● PROBLEM STATEMENT: Extract word for word the lines of the listing from its start to the line holding "The Resort at", both ends kept; pictures are not part of the copy.

● SUPPLIED DATA:
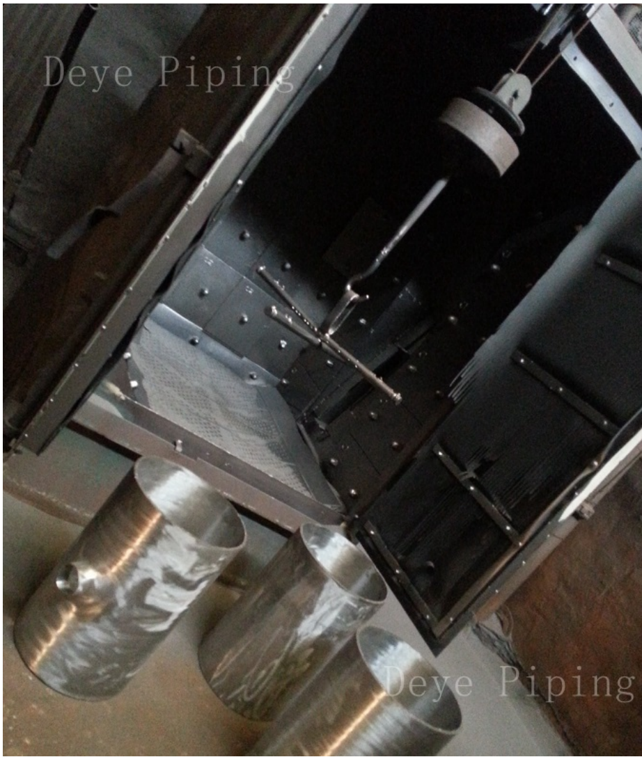
7. Surface checking
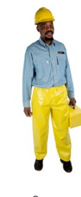
AQUA-TECH® Trousers - Medium weight MEDIUM WEIGHT GARMENTS
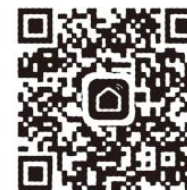
【Smart Life】 App
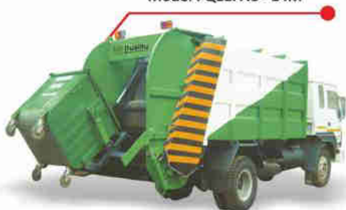
Model : QEEPAC - 14M 3
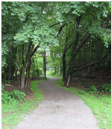
The TLC by the Proctor School

The abandoned rail bed, last used for freight service in the 1950s and passenger service in the late 1970s, runs north-south from Wakefield to Newburyport. In Topsfield it goes from the Wenham town line to the Boxford town line (approximately 4 miles).
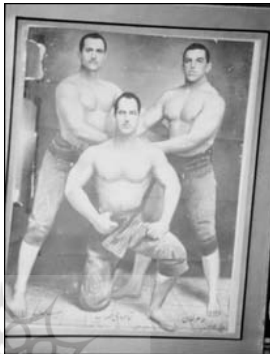
Figure 1. Pahlevans of about a century ago.

army and security of town. The significance of Pahlevanship has been well presented in the Farsi language literature. As an example, Ferdowssi, in his outstanding poetic book pictures Rostam, the Persian legendary Pahlevan, fighting heroically against depravity, vice, and sinful deeds and thoughts in the purest and most literary forms in the tenth century (Reuben, 1967). Other examples of the well-known Palevans are Ayyar and Shater who during the invasions of Arabs and Mongols struggled hardly to free the country from the foreign domination and to assure the autonomy and integration of their nation. In each Varzesh-e-Bastani session, the Morshed accompanies all the exercises with chanting the epics
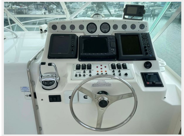
15. Lower Helm Station
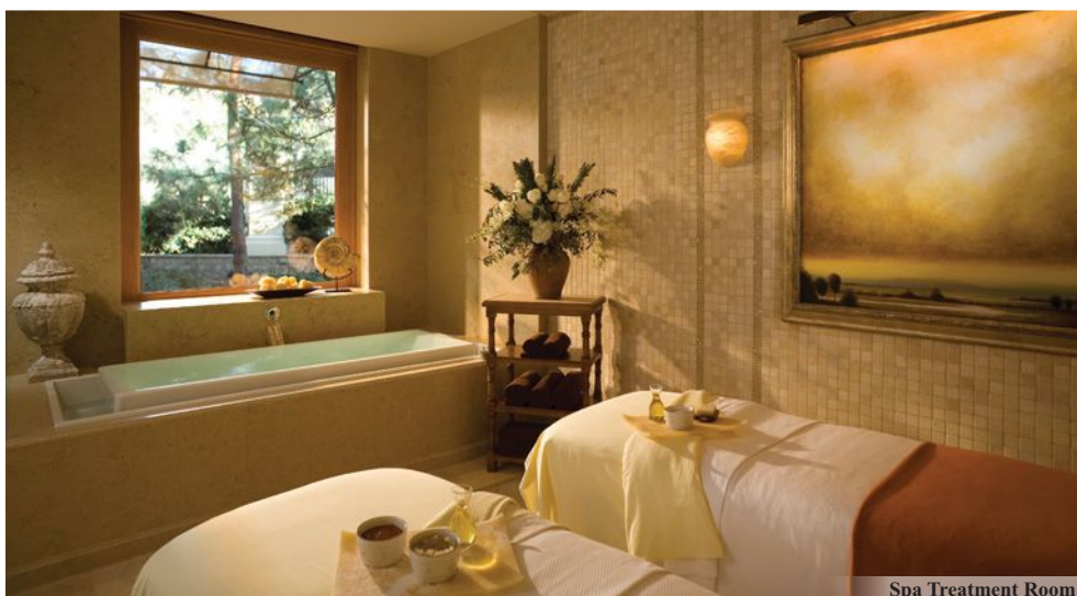
Spa Treatment Room

The Resort at Pelican Hill has invested heavily in The Spa as well as its exemplary staff of professionals. Reinvigorating your body and soul is their mission. They understand the point is to self-indulge. With 22 treatment rooms and a broad menu of services from which to choose, resetting that stress meter is not a problem. The variety of offerings range from aromatherapy, to facial treatments, to skin glow enhancements, to massages of every type including romantic bath collections for couples. The staff can also combine treatments to create a customized experience. For the 10 th year in a row Forbes Travel Guide has awarded The Spa with a Five-Star rating. Additional accolades come from Conde Nast Traveler
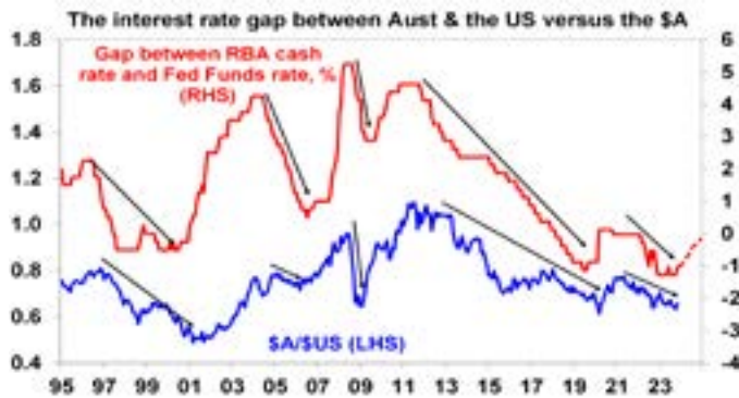
The dashed part of the rate gap line reflects money mkt expectations.
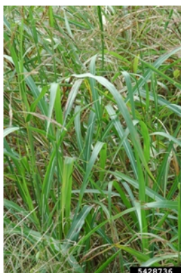
Photo 5. Johnson grass, Sorghum halepense , showing long leaves with white midrib.

When using a pesticide, always wear protective clothing and follow the instructions on the product label, such as dosage, timing of application, and pre-harvest interval. Recommendations will vary with the crop and system of cultivation. Expert advice on the most appropriate herbicides to use should always be sought from local agricultural authorities.

● YOUR SOLUTION:
7. Surface checking
AQUA-TECH® Trousers - Medium weight MEDIUM WEIGHT GARMENTS
【Smart Life】 App
Model : QEEPAC - 14M 3
The TLC by the Proctor School

The abandoned rail bed, last used for freight service in the 1950s and passenger service in the late 1970s, runs north-south from Wakefield to Newburyport. In Topsfield it goes from the Wenham town line to the Boxford town line (approximately 4 miles).
Figure 1. Pahlevans of about a century ago.

army and security of town. The significance of Pahlevanship has been well presented in the Farsi language literature. As an example, Ferdowssi, in his outstanding poetic book pictures Rostam, the Persian legendary Pahlevan, fighting heroically against depravity, vice, and sinful deeds and thoughts in the purest and most literary forms in the tenth century (Reuben, 1967). Other examples of the well-known Palevans are Ayyar and Shater who during the invasions of Arabs and Mongols struggled hardly to free the country from the foreign domination and to assure the autonomy and integration of their nation. In each Varzesh-e-Bastani session, the Morshed accompanies all the exercises with chanting the epics
15. Lower Helm Station
Spa Treatment Room

The Resort at Pelican Hill has invested heavily in The Spa as well as its exemplary staff of professionals. Reinvigorating your body and soul is their mission. They understand the point is to self-indulge. With 22 treatment rooms and a broad menu of services from which to choose, resetting that stress meter is not a problem. The variety of offerings range from aromatherapy, to facial treatments, to skin glow enhancements, to massages of every type including romantic bath collections for couples. The staff can also combine treatments to create a customized experience. For the 10 th year in a row Forbes Travel Guide has awarded The Spa with a Five-Star rating. Additional accolades come from Conde Nast Traveler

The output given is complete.